Option 1: Simple comma-separated list

The most ATS-friendly approach. List skills in one or two lines, separated by commas or pipe characters.

Example:
Python • SQL • Tableau • dbt • Airflow • Google BigQuery • Spark • A/B Testing • Looker

Option 2: Grouped by category

Useful for candidates with skills spanning multiple functional areas. Group related skills under brief subheadings.

Example:
Data & Analytics: Python, SQL, Tableau, dbt
Cloud & Infrastructure: AWS, GCP, Kubernetes, Terraform
Project Management: Agile, Jira, Confluence

Option 3: Inline with job bullets (no separate section)

For candidates with a very focused skill set, weaving skills naturally into the work experience bullets can be more effective than a separate section. This approach works especially well when every skill listed can be directly evidenced by a specific project or result.

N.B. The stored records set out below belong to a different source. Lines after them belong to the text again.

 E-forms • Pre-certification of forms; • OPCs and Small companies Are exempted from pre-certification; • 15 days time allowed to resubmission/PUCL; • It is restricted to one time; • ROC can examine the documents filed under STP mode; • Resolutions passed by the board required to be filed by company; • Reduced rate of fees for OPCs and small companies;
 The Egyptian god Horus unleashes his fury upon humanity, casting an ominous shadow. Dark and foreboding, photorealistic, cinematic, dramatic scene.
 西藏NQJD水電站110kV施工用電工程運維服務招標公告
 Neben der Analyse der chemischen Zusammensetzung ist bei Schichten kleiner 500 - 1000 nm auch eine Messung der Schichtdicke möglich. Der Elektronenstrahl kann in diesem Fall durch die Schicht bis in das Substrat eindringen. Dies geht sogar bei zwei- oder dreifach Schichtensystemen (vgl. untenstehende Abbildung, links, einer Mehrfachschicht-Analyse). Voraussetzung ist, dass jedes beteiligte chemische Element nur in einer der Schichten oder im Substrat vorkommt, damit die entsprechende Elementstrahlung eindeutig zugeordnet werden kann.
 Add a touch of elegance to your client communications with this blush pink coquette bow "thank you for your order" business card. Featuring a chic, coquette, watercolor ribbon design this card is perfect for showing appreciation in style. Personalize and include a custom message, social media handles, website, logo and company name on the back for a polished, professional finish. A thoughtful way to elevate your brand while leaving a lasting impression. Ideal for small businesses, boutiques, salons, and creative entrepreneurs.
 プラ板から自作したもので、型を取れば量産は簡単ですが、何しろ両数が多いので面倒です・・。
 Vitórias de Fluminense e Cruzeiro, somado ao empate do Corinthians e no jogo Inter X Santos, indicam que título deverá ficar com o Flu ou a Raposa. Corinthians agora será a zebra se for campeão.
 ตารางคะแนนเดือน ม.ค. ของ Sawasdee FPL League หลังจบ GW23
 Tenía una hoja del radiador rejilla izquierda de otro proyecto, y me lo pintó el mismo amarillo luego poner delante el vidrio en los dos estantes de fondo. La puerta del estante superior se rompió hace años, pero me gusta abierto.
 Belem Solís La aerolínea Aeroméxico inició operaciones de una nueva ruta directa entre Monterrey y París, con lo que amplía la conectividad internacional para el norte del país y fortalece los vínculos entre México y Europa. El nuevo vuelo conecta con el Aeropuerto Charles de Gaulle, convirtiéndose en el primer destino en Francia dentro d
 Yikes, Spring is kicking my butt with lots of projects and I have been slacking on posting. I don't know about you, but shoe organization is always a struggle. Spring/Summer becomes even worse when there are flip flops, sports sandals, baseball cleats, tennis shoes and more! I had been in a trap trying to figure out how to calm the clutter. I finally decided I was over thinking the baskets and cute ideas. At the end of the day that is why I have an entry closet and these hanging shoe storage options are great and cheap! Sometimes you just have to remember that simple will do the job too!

Where to place the skills section

Placement depends on format and career stage:

  • After work experience — standard placement for reverse-chronological resumes; appropriate for most candidates
  • Before work experience — appropriate for technical roles where skills are the primary screen, or for career changers using a combination format
  • Above the fold — some candidates include a brief "Core Competencies" row directly under the summary before diving into experience; this satisfies both ATS keyword placement and recruiter scanning

Tailoring the skills section for each application

Your skills section should not be identical across every application. For each role, review the job description and make these adjustments:

  • Add any required skills from the posting that you have but did not include
  • Reorder so the skills most emphasized in the posting appear first
  • Use the exact phrasing the job uses — "project management" vs. "program management" can matter to an ATS
  • Remove skills the role has no use for, freeing space for more relevant ones

Frequently asked questions

How many skills should I list on my resume?

Eight to fifteen skills is the right range for most candidates. Fewer than eight can make the section feel thin; more than fifteen dilutes the signal and risks looking like a keyword dump. Prioritize skills explicitly listed in the job description and remove any that are too basic to add information.

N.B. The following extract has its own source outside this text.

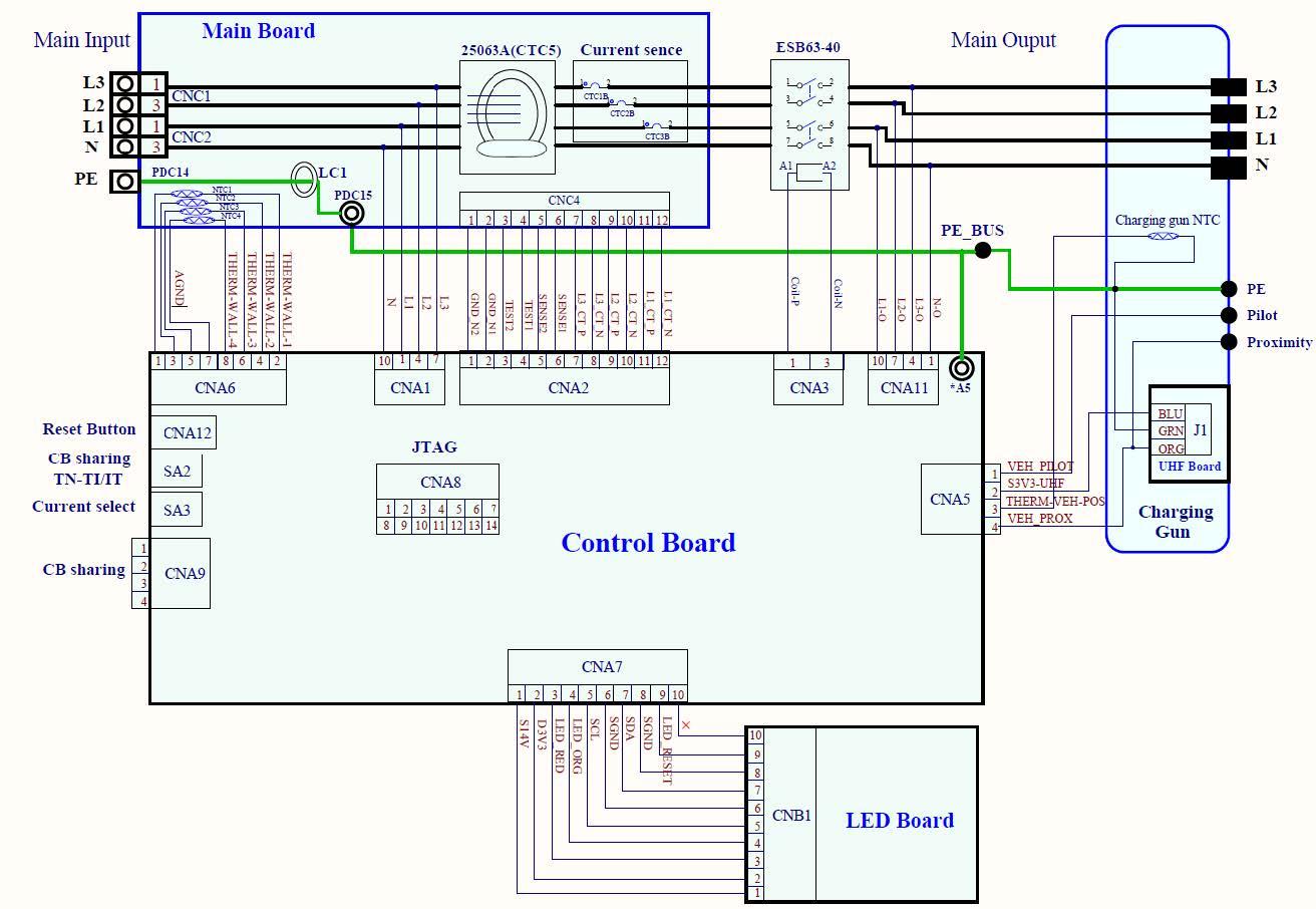 The main power connections are on the main board with NTCs (Negative Temperature Coefficient Thermistor) on connection points. The main board is located below the Control Board, and is not visible or accessible. It contains main input, NTCs, GFCI (Ground Fault Circuit Interrupter) and current sensors. The control board contains DIP switch, rotary switch, internal power supply, four position terminal block for load sharing communication, and four position terminal block for vehicle connector low voltage circuits such as pilot and proximity.

Should I include soft skills in the skills section?

Avoid listing bare soft skills like "communication" or "leadership" — every candidate claims these. Instead, demonstrate soft skills through your bullet points with specific examples. If a soft skill is listed as a literal requirement in the job description, you can include it — but pair it with evidence in your work history bullets.

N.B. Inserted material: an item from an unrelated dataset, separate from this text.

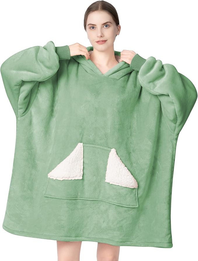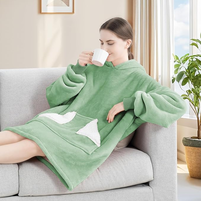 Touchat Wearable Blanket Hoodie, Oversized Sherpa Blanket Sweatshirt with Hood Pocket and Sleeves, Gifts Hooded Blanket for Adult Women Men (Light Green)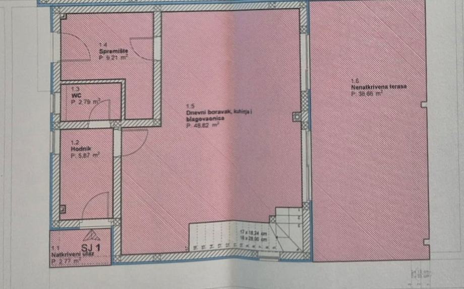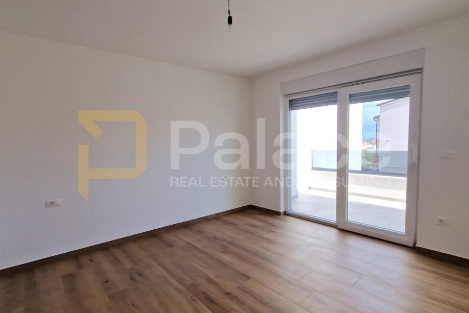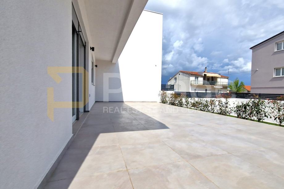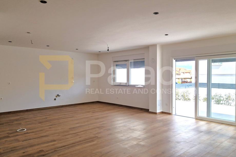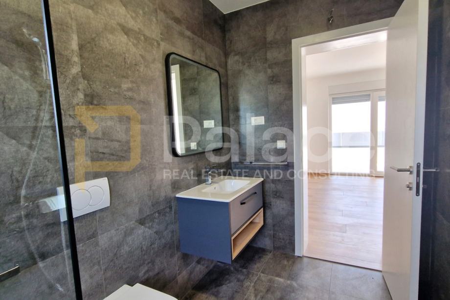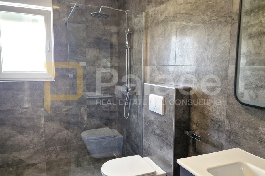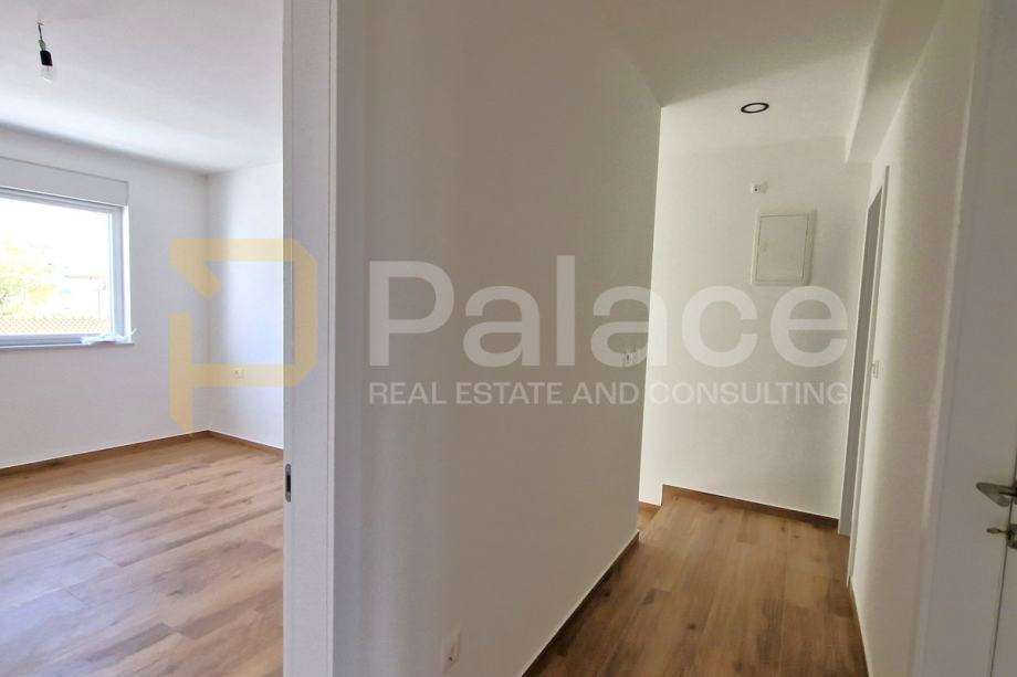 Stavlja se na prodaju nova dvojna kuća s dvoetažnim stanom ukupne stambene površine 133,73 m2 s velikim dvorištem površine 112 m2, u mirnom predjelu Vodica.

Where should the skills section go on a resume?

For most candidates using a reverse-chronological format, the skills section belongs after the work experience section. If you are a career changer or a technical candidate whose skills are the primary qualification, moving the skills section above work experience can be effective.

Should I list skill proficiency levels on my resume?

Proficiency labels like "beginner" or "expert" are generally not recommended. Self-assessed proficiency is subjective and rarely means the same thing to two readers. Signal proficiency through context instead — the complexity of projects you describe in your bullets will show skill level far more credibly than a label.